Келемвар подумал о кремне и железном огниве, хранящихся в кожаном мешочке на шее, но быстро отказался от этой мысли: кремень и огниво были слишком маленькими и годились лишь для того, чтобы развести огонь. Они могли бы сослужить хорошую службу в качестве наконечников, однако воину нечем было примотать их к палке. Кроме того, кремень и огниво непременно потерялись бы, если бы случайно слетели с деревяшки, а Келемвар не мог пойти на такой риск. Если он освободится, кремень и огниво потребуются ему, чтобы развести костер. А если уж он совсем ничего не придумает, можно будет попробовать поцарапать кремнем лед, хотя Келемвар знал, что это бесполезная трата сил.
Он внимательно вгляделся в берег. С помощью затупившегося обломка деревяшки воин мог дотянуться до некоторых предметов. К несчастью, единственными объектами на берегу были только другие палки, да еще ворон. Волна отчаяния нахлынула на Келемвара, когда он понял, что для своего спасения не может сделать ровным счетом ничего, поскольку лед был слишком толстым и прочным. Воин приготовился умереть, как и его друзья…
«Нет, не думай о них, – снова сказал он себе. – Эти мысли окончательно расстроят тебя, доведут до самоубийства».
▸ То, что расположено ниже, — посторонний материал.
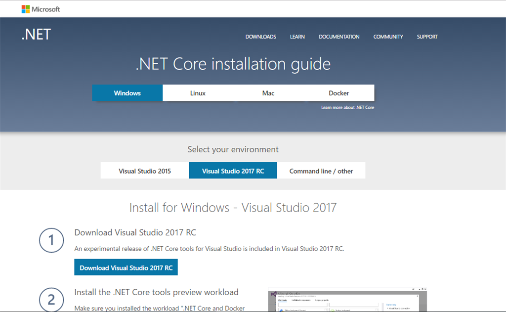 - Current version- .NET Core SDK 1.0 Preview 2.
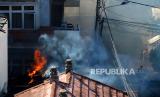 REPUBLIKA.CO.ID, DENPASAR -- Petugas memadamkan api yang membakar bangunan gedung Global Development Learning Network (GDLN) di Universitas Udayana Kampus Sudirman, Denpasar, Bali, Selasa (16/7/2024).
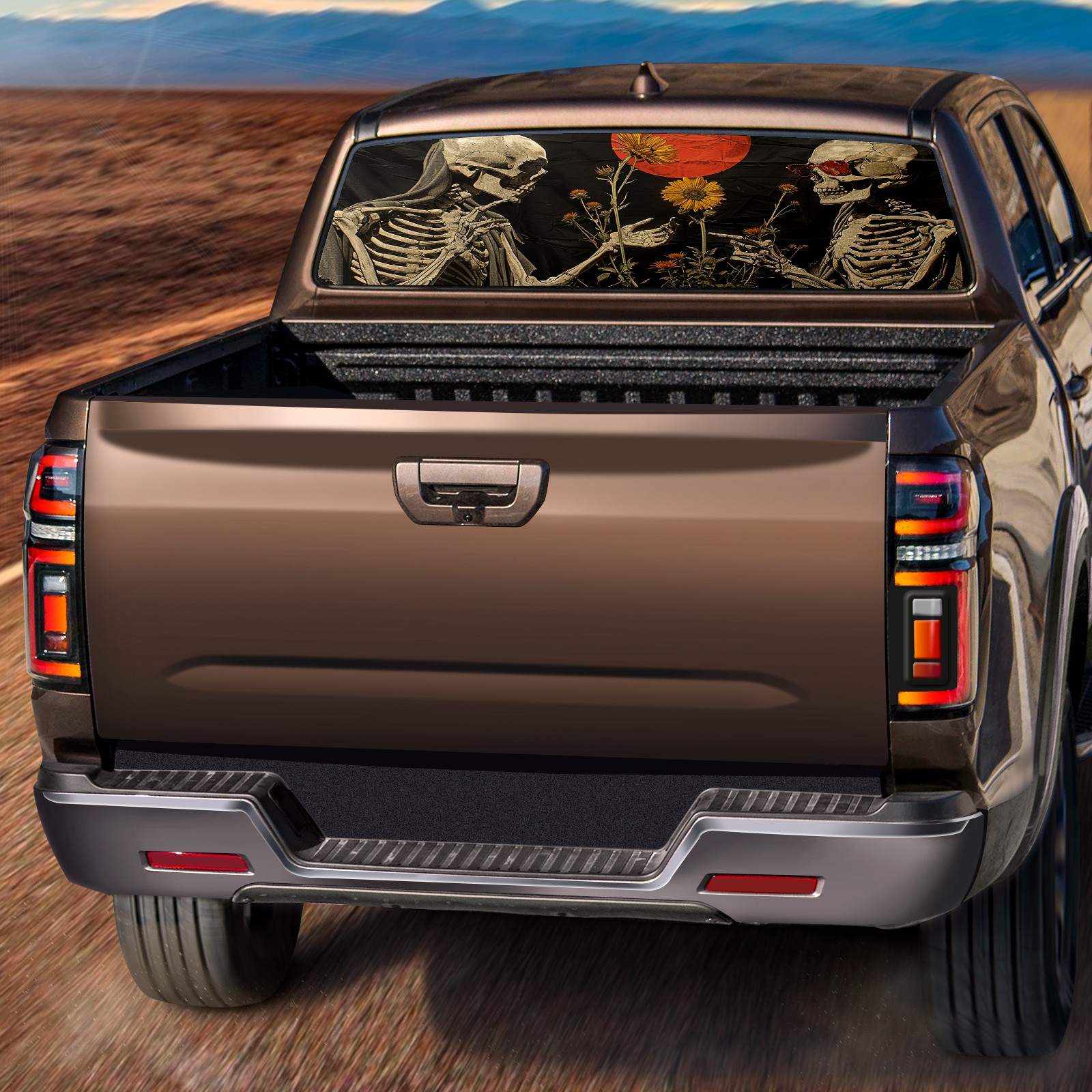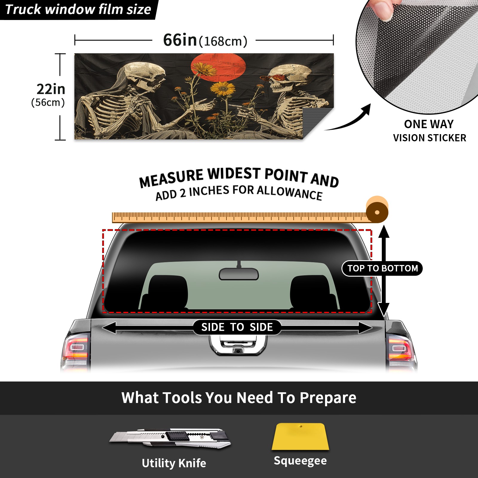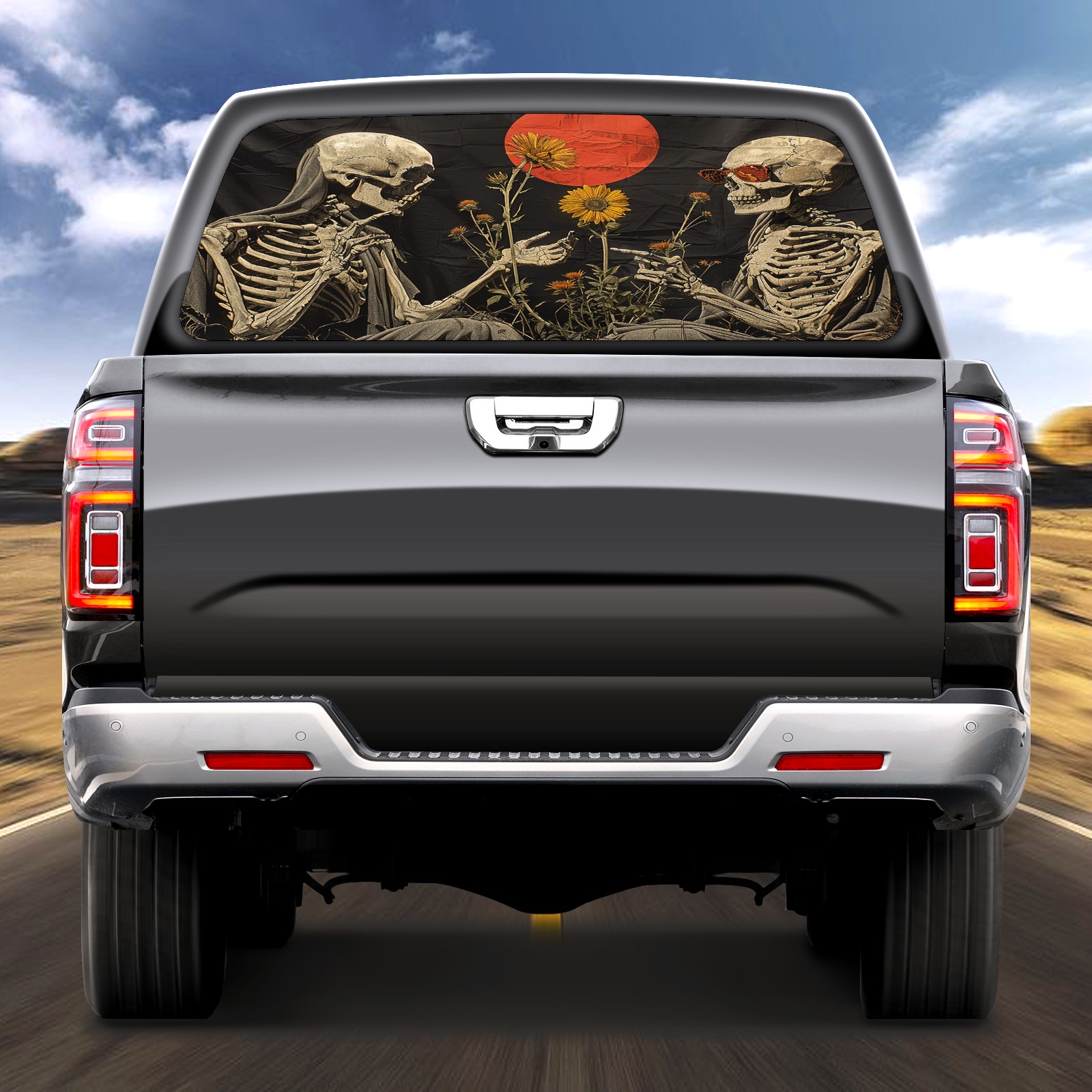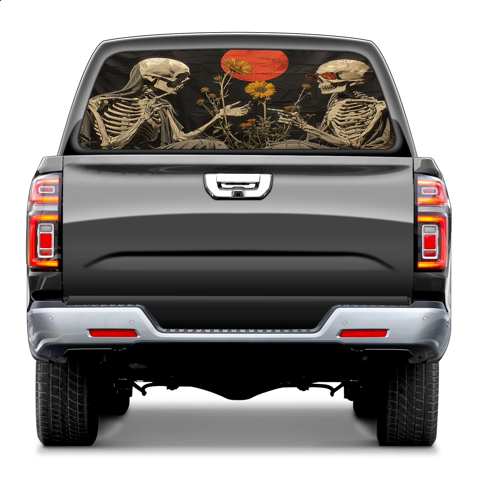 Truck Rear Window Graphics Decals Pickup Trucks Back Window Sticker Full Window Film Decal One Way Visual Waterproof Car Rear Tint Skull Party
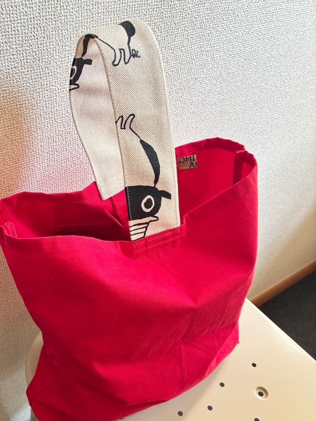 持ち手にペンギンcapの絵柄が入った赤地bagです 内ポケットと、 口を閉じられるよう 内紐付きです 生地の 本体赤は、ほんのり張りのある 薄生地になります 持ち手は帆布地でしっかりめです どちらも綿素材です この赤地がお気に入りで前から使っています 色落ちは大丈夫だったと思いますが ご心配の方は最初のお洗濯時、単体で洗ってみてください☺️ 絵柄 / ペンギンcap material / ・本体 赤地, 持ち手部分 共に綿100% ・printインク - シルクスクリーンインク(合成樹脂-アクリル,ポリウレタン) ・ネームタグ - 綿麻混地 size / H 32 W 35 D 5 cm 持ち手幅 5 cm長さ36 cm ほど 内ポケット H14 W14.5cm 内紐幅2.5 長さ18.5cm程 *素材の性質によって洗濯後、縮みが出る場合がございます 乾燥機使用は生地素材によっては大幅に縮むことがあります *掲載画像は、 自然光,室内光、影や光の当たっている等撮影時の環境などにより、やや違っています また、 実物とデジタル画面で見る色味には やや差異がございます あらかじめご了承くださいませ☆
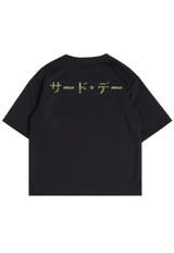 MTP30 kaos oversize gambar belakang jepang katakana "mixed plants" aesthetic bahan scuba tebal hitam
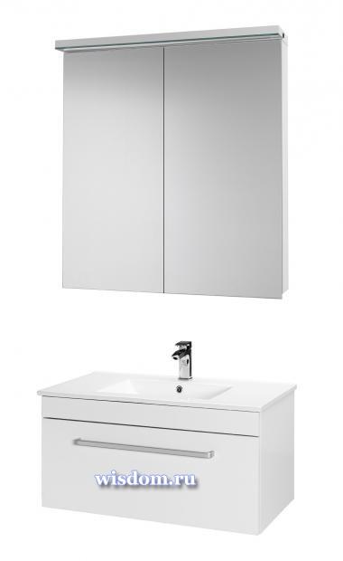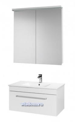 Шкаф с зеркалом и подсветкой Астон S 90, белый |
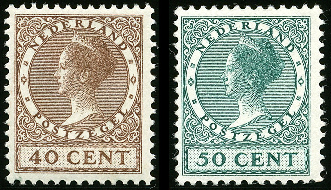 149/62, Veth zonder watermerk 5 t/m 50 cent, 15 cent licht getint en 30 cent met origineel zwart puntje, overige zegels luxe ex. met attest € 1300
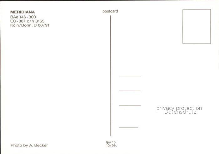 Flugzeuge Zivil Meridiana BAe 146-300 EC-807 c/n 3165 postalisch nicht gelaufen Erhaltung siehe scans
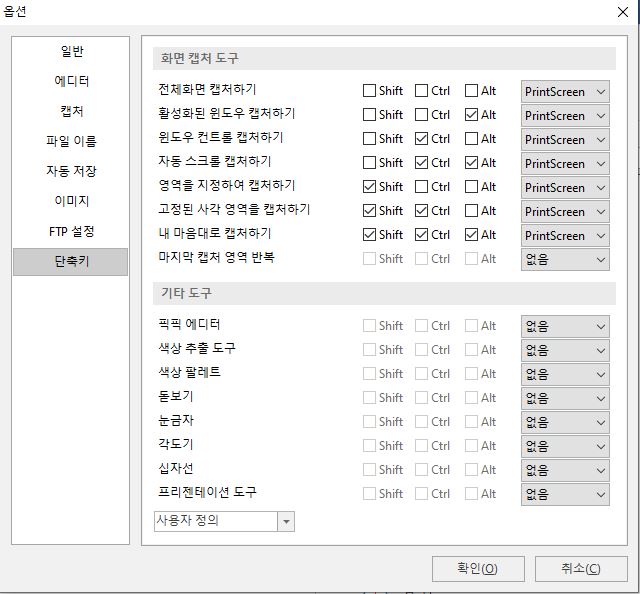 * 만약 위의 기본 단축키가 마음에 들지 않으면 사용자 마음대로 단축키를 바꿀 수 있게 커스터마이징 기능을 제공 하고 있습니다.
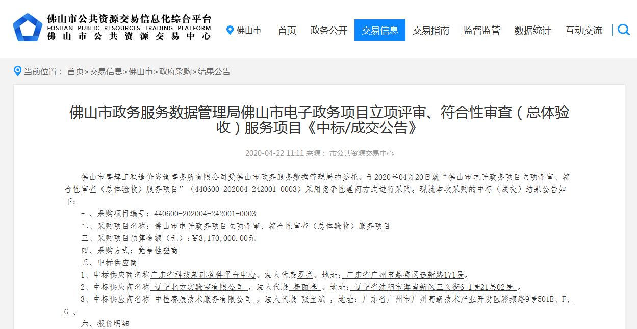 中检赛辰技术服务有限公司(以下简称:赛辰)2020年4月22日以竞争性磋商方式优胜其他同行竞争者,成功中标【佛山市某某局佛山市XX项目立项评审、符合性审查(总体验收)服务项目】。
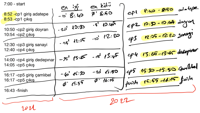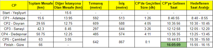Ancak bu sene 3. kez 66K parkurunda koşacağım ve parkurda başıma nelerin gelebileceğini biraz da olsa kestirebildiğimden dolayı yarış öncesinde kendimi daha sakin ve planlı olmaya odakladım. Hatta yarış öncesinde, 2021 yılı CP sürelerimi de detaylıca inceleyip hangi CP’ye hangi zaman aralıklarında gelebileceğimin planlamasını dahi yapmış, bu verileri sevgili eşim Fatma ve Mehmet Ali Ok ile paylaşmıştım. Olur da CP’lere gelirlerse hangi zaman dilimlerinde gelmeyi planladığımı bilmeleri önemliydi. Bu noktadan sonra hedefim, kendi küçük yarış dünyamda belirlediğim zaman aralıklarında CP’lere gelmek ve sağlıklı bitirmeye dönüşmüştü.
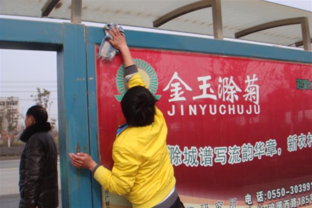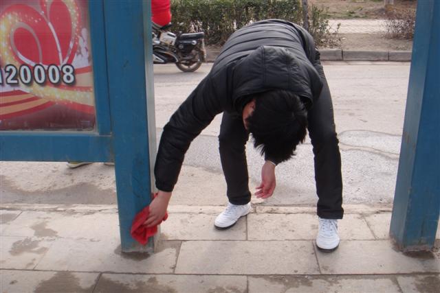 志愿者们冒着寒风对公交站牌和周边环境进行了认真细致的清扫,得到了来往市民的认可和赞扬。
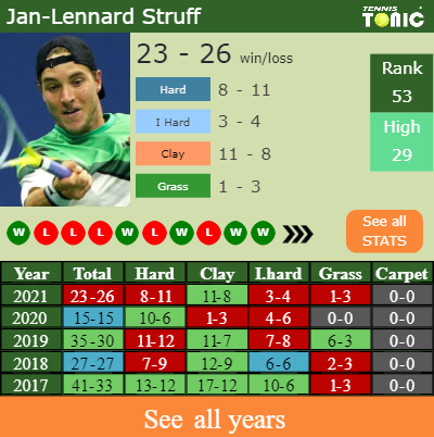 The German has an overall 23-26 win-loss record in 2021, 3-4 on indoor hard courts (See FULL STATS).
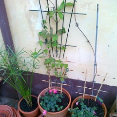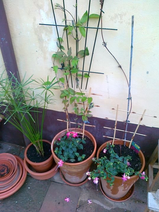 6 Die Clematis links konnte sich bereits mit dem neuen Standort anfreunden, die rechts schwächelt leider. |
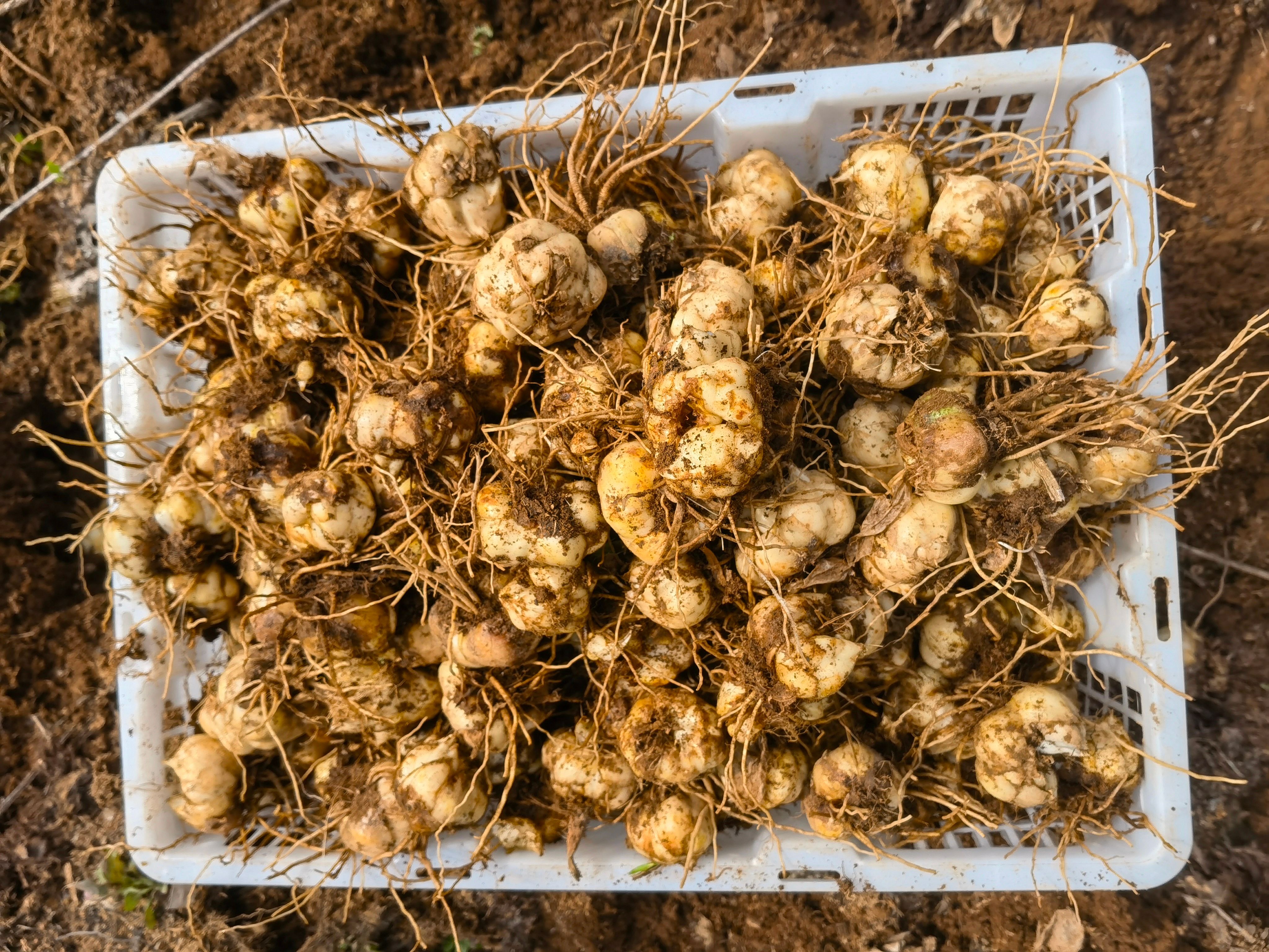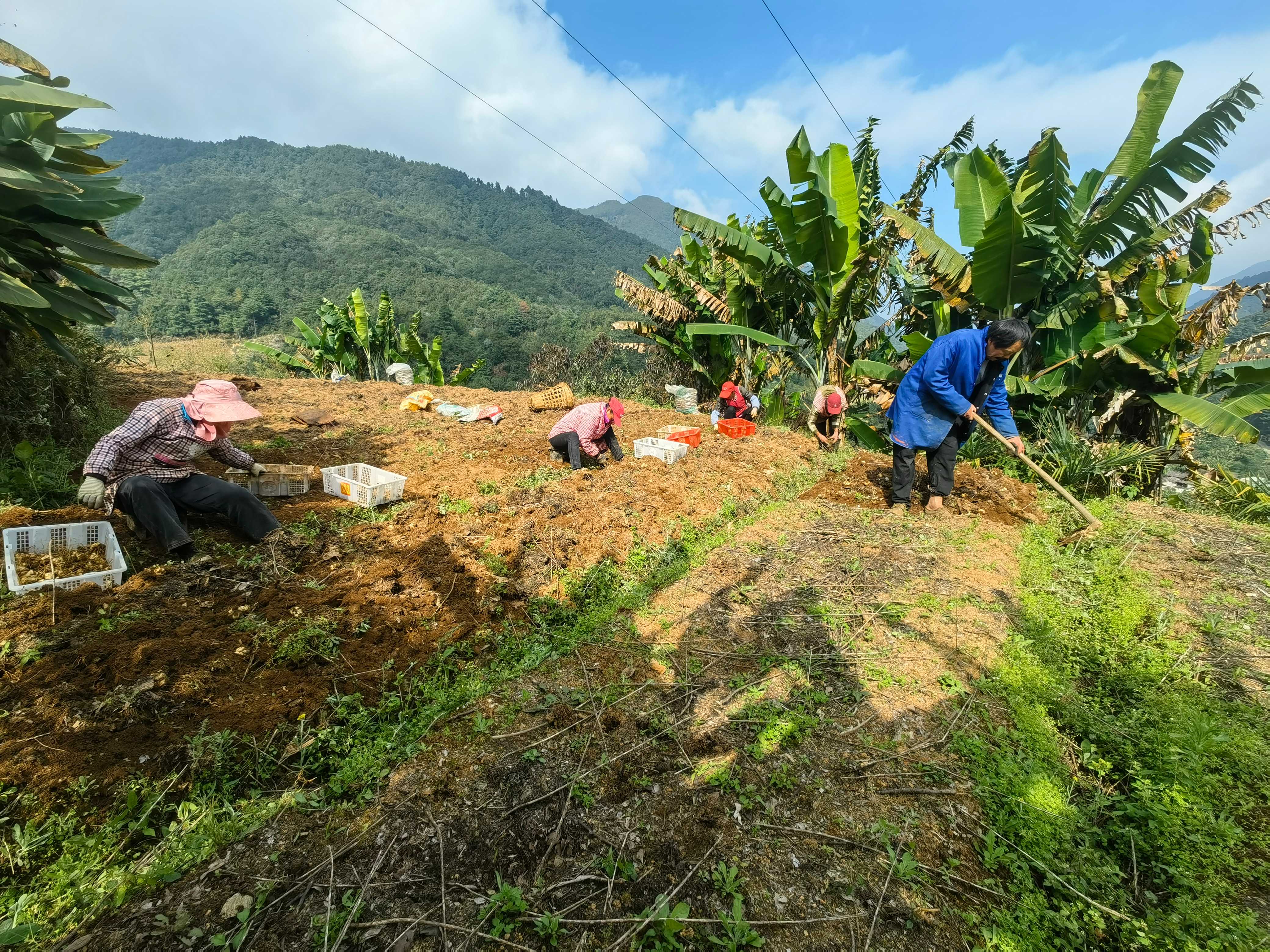 走进(石咢)嘉镇新厂村委会百合种植基地,整个基地呈现出一派丰收的繁忙景象。近30名村民热火朝天地忙碌着,他们熟练地将成熟的百合从土中挖出,去根、剥泥,再装筐、搬运、装车,一颗颗“致富果”和村民们奋力采收百合的身影,形成了一幅增收致富的动人图景。

А Келемвар хотел жить. Как это ни удивляло его, он совершенно определенно хотел жить.
Ворон подскочил поближе, оказавшись в пределах досягаемости руки воина. Птица сделала вид, что не замечает Келемвара, хотя нельзя было сказать точно, куда глядят ее черные глазки. Может быть, ворон просто испытывал воина, пытаясь определить, сколько еще времени он протянет.
– Я не спешу стать твоим обедом! – прогремел Келемвар.
Ворон вскинул голову, раскрыл клюв и зашипел. Воин представил, как этот клюв выклевывает ему глаза, как острые когти впиваются ему в щеки и нос…
Затем у Келемвара появилась идея, рожденная не столько мудростью, сколько отсутствием способности рассуждать хладнокровно – способности, которая исчезает в преддверии смерти. Воин принялся царапать лед ногтями, но вскоре остановился, отковыряв лишь ничтожный кусочек. Даже сквозь дурман Келемвар понимал, что погибнет гораздо раньше, чем сумеет расковырять лед ногтями.
Но когти ворона были острее. Да и клюву птицы можно было найти много областей применения.
Словно погрузившись в собственные мысли, ворон краем глаза следил за Келемваром.
– По-моему, пора вздремнуть, – сказал Келемвар, чувствуя, насколько невнятной стала его речь. Скорее всего, ворон не разобрал ни слова.
Птица, разумеется, не подала ни единого знака, свидетельствующего о том, что она поняла слова воина.
Келемвар опустил голову на руки, оставив один глаз чуть приоткрытым, чтобы следить за птицей. Склонив голову, воин почувствовал приятное облегчение и отметил, что ему стало теплее. Его одолевал сон, и Келемвар решил, что усталость после продолжительного поединка с подземной рекой в конце концов дала о себе знать. Он закрыл оба глаза.